Avant tout un métier
Leur intégration au niveau national et le pilotage par l’agence référente doivent être renforcés pour maintenir un système cohérent sur l’ensemble du territoire et au meilleur niveau international. Le numérique en santé doit être mobilisé sans délai pour renforcer la performance de nos systèmes de surveillance en matière d’alerte, d’anticipation et de suivi réactif de la dynamique des phénomènes de santé et de leur impact épidémiologique, économique et social sur la santé de la population.
Quatrième axe : il faut structurer les expertises, nationale et régionale, et la recherche en santé publique. Nous sommes loin de connaître et d’identifier les facteurs à l’origine d’une distribution hétérogène des problèmes de santé, les enchaînements de causalité, les interventions efficaces… Ces expertises permettent d’alerter et d’évaluer les programmes de recherche en amont. La recherche doit être anticipée, orientée et fortement coordonnée, afin d’être en mesure de répondre aux besoins de connaissances dans les meilleurs délais, et de soutenir l’émergence de jeunes chercheurs et de nouvelles équipes.

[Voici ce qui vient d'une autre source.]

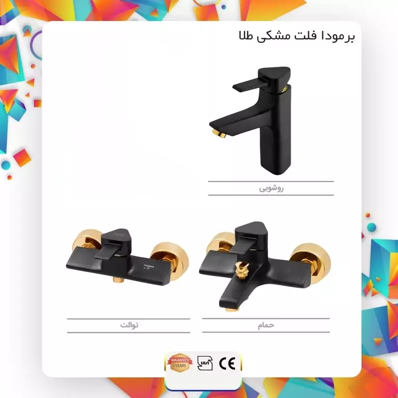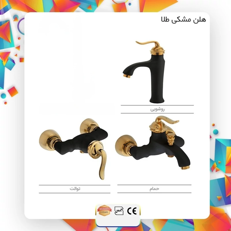 ست شیرالات زحل (مدل هیرسا مشکی طلا) مجموعه 6 عددی

Cinquièmement, il faut former à la santé publique. Celle-ci est avant tout un métier. Elle doit relever d’une formation spécifique, et elle nécessite des compétences et des référentiels. Les universités doivent investir dans la formation des acteurs de la prévention, à travers toutes les les filières de professionnels de santé, et aussi des filières vétérinaire, agronomie et davantage à travers les filières de sciences sociales et humaines : la santé publique a besoin de politistes, de sociologues, d’économistes…

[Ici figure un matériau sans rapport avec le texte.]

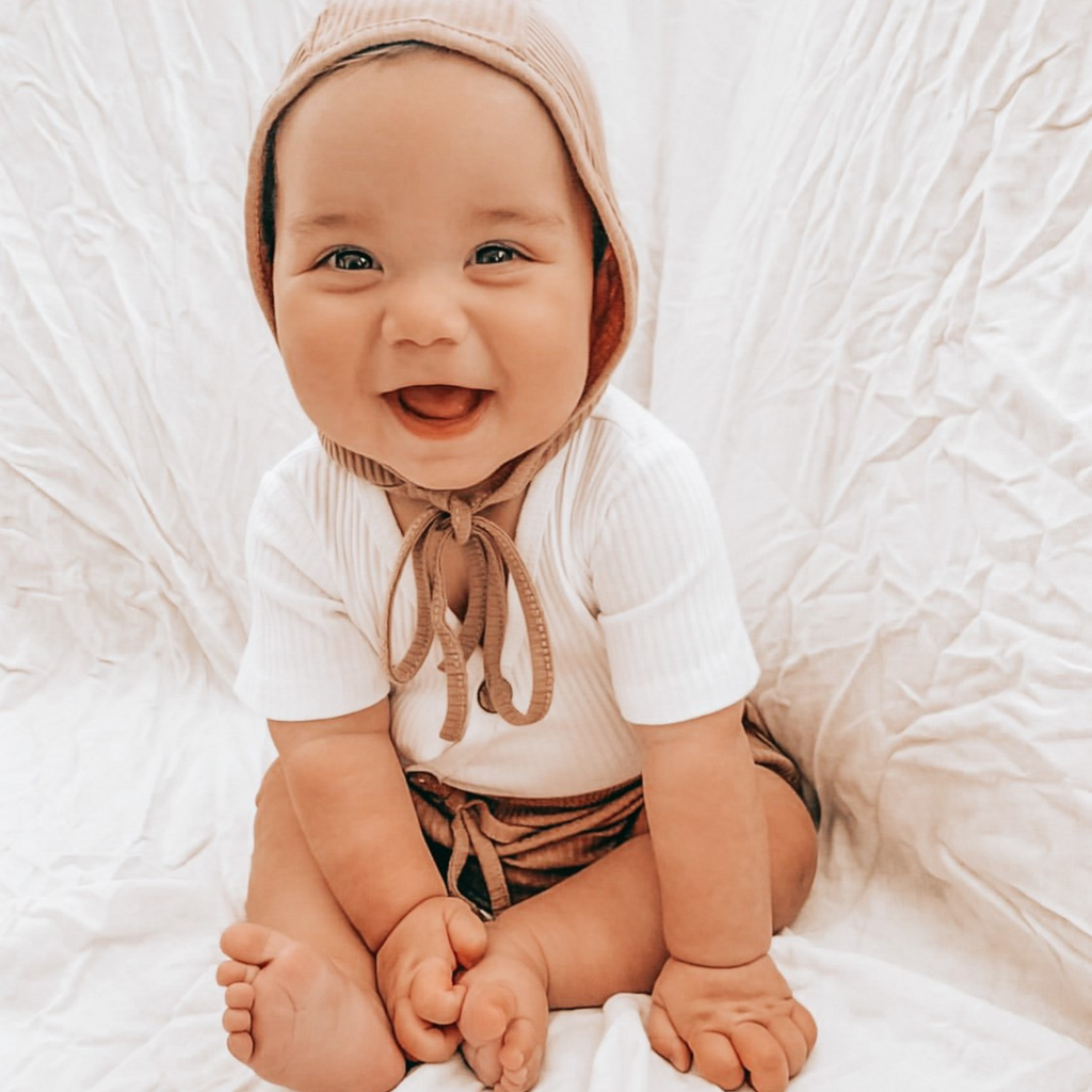 Baby & toddler onesie, bloomer & bonnet set with breathable cotton perfect for your little one. With easy to wear stretch waist for comfortable wearing.

Le système de formation en santé publique doit être attractif et permettre des passerelles entre les différentes structures et disciplines. Les cursus universitaires doivent valoriser la prévention et ses dimensions sociales et économiques (liens entre inégalités sociales et état de santé, retour sur investissement des programmes de prévention…), autant que l’épidémiologie et la biostatistique.
Tissu associatif
Enfin, il faut appuyer l’organisation régionale de santé publique en complément de l’organisation régionale de l’offre de soins, dans le sens d’une réduction des inégalités de santé. L’agence nationale de santé publique doit pouvoir coopérer avec des échelons régionaux actifs et influents, à même de catalyser l’ensemble des contributions des différents acteurs : professionnels de santé, acteurs du champ social, services de santé au travail, associations, services des collectivités territoriales…

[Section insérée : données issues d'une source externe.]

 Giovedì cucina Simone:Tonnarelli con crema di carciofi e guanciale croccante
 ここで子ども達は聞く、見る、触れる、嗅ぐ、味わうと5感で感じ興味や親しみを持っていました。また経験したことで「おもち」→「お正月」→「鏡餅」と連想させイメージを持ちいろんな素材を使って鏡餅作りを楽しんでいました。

Tous ces acteurs doivent pouvoir s’appuyer sur des services de prévention bien identifiés et complétés par un tissu associatif au plus près des populations. Une prévention organisée au sein des territoires doit être en mesure d’agir pour la réduction des inégalités sociales et territoriales de santé en appliquant plus systématiquement des principes de l’universalisme proportionné : investir plus chez les moins influents socialement et lutter contre la désertification des territoires.
Notre système de santé publique a besoin d’un nouveau souffle pour progresser dans la protection contre les risques, la prévention des maladies, la lutte contre la morbidité, les incapacités et la mortalité prématurée, et pour réduire les inégalités sociales et territoriales de santé. Puissent les quelques pistes esquissées ici servir à la réflexion et à la construction de solutions partagées et pérennes pour le « Ségur de la santé publique ».
Signataires : Marie-Caroline Bonnet-Galzy, présidente du conseil d’administration de Santé publique France ; François Bourdillon, ancien directeur général de Santé publique France ; Geneviève Chêne, directrice générale de Santé publique France ; Jean-Claude Desenclos, directeur scientifique à Santé publique France.